#### Goal of the exercise:
The entries below contain a stretch that opens with the line containing "Outside, the home" and closes with the line containing "Student Writing Desk"; set down that stretch exactly, both ends included, and nothing else.
***** Dataset extract
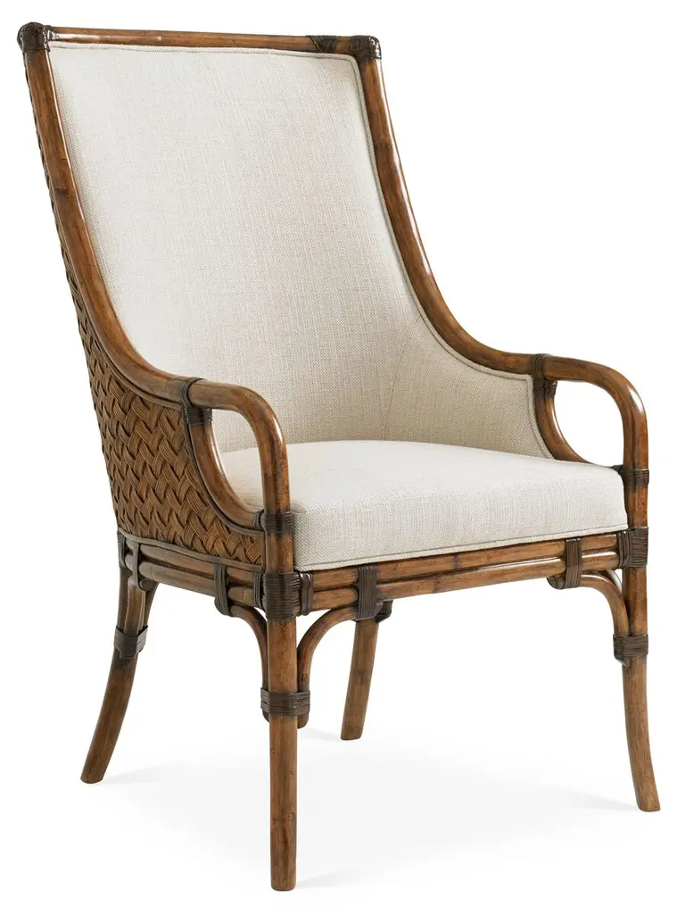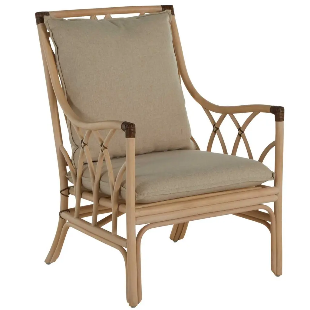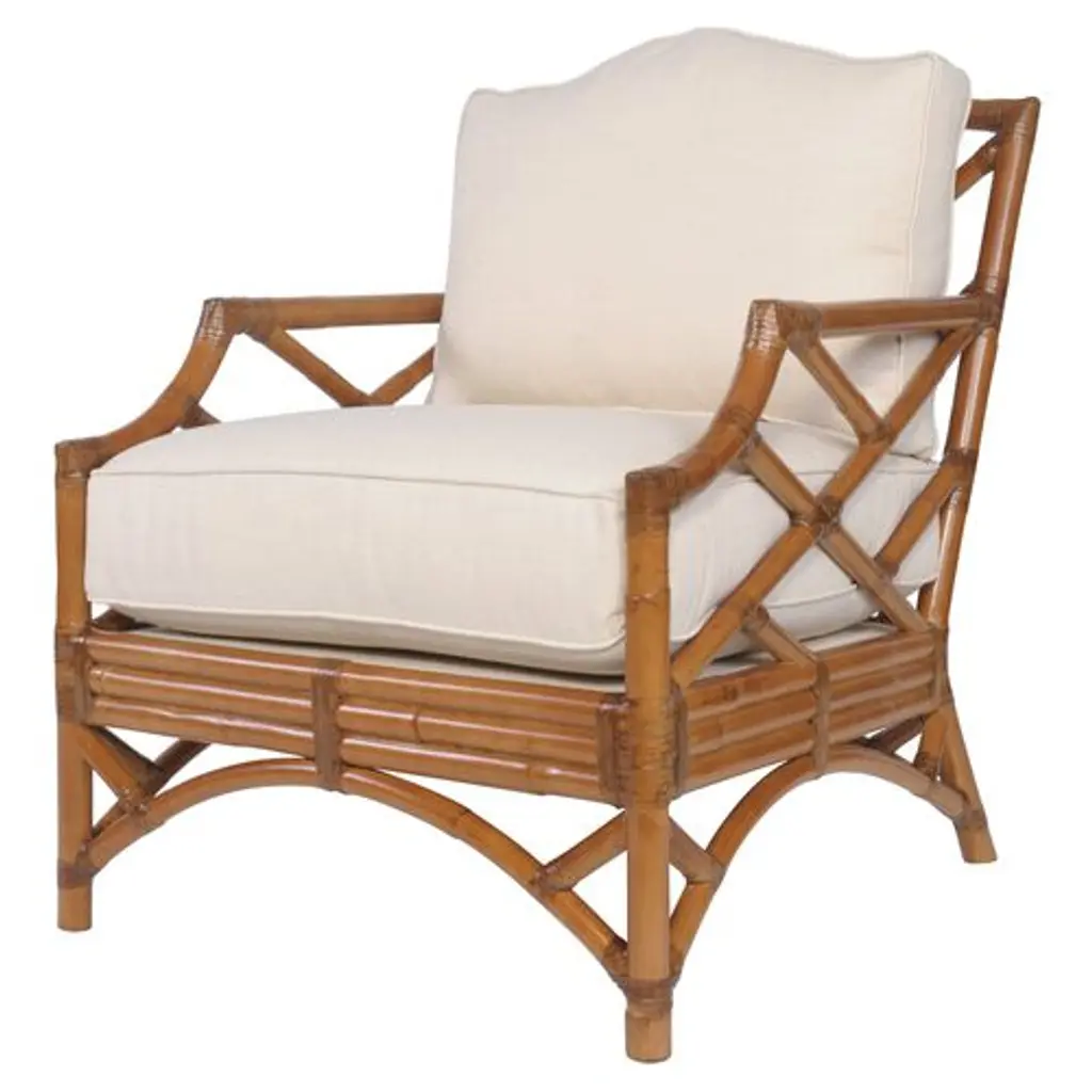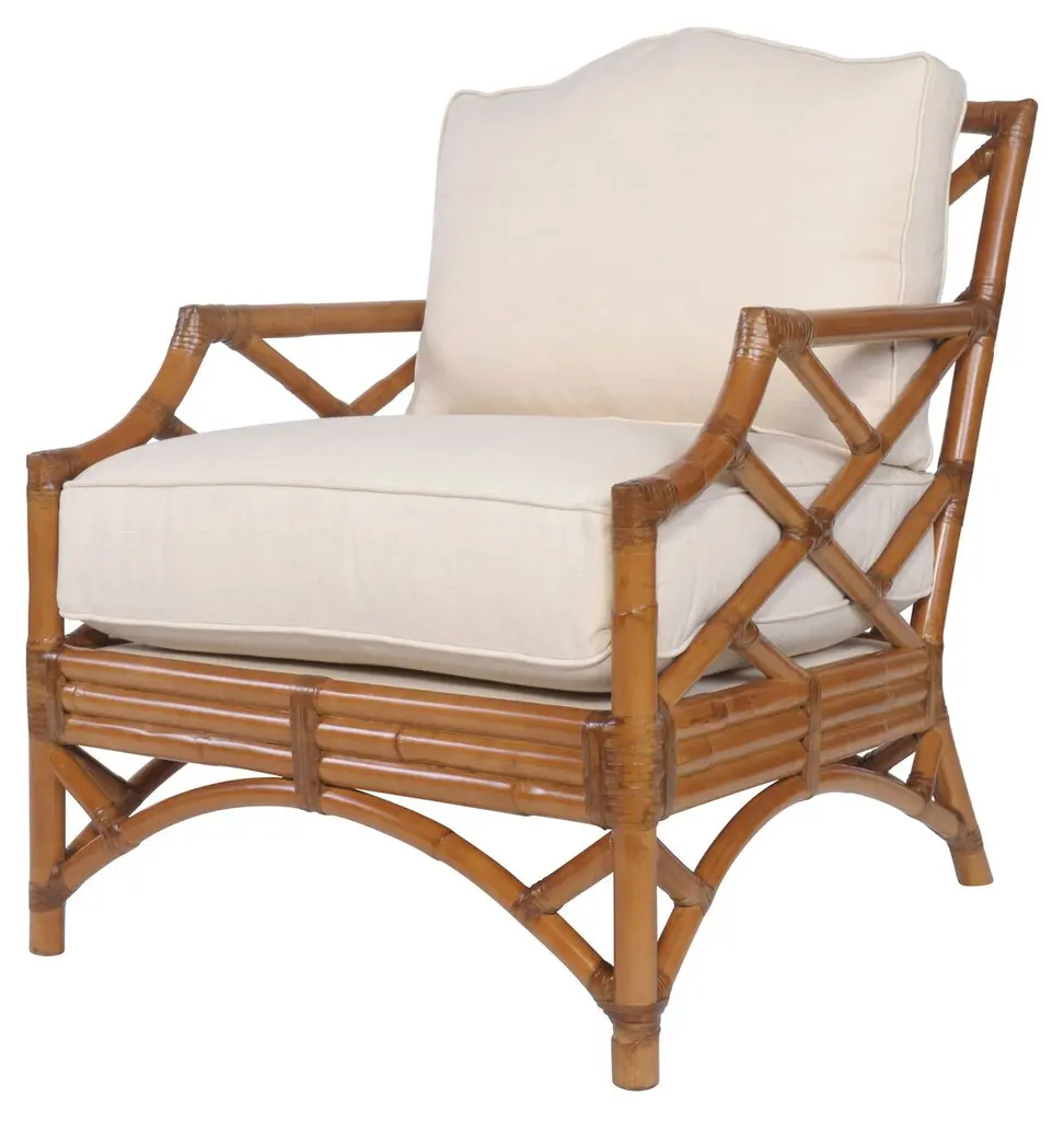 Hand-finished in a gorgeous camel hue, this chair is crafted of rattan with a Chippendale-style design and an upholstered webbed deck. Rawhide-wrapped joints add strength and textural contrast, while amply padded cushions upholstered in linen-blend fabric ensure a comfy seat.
**********
***** Dataset extract
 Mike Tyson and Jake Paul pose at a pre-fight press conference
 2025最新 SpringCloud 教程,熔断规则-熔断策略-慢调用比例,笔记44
**********
***** Dataset extract
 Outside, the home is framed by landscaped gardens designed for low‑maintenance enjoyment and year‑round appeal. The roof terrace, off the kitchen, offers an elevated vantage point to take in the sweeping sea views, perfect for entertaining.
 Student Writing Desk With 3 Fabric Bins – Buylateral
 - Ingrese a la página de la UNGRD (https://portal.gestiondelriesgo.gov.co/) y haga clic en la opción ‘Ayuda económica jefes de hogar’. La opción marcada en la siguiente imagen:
**********
#### Result for this task:
 Outside, the home is framed by landscaped gardens designed for low‑maintenance enjoyment and year‑round appeal. The roof terrace, off the kitchen, offers an elevated vantage point to take in the sweeping sea views, perfect for entertaining.
 Student Writing Desk With 3 Fabric Bins – Buylateral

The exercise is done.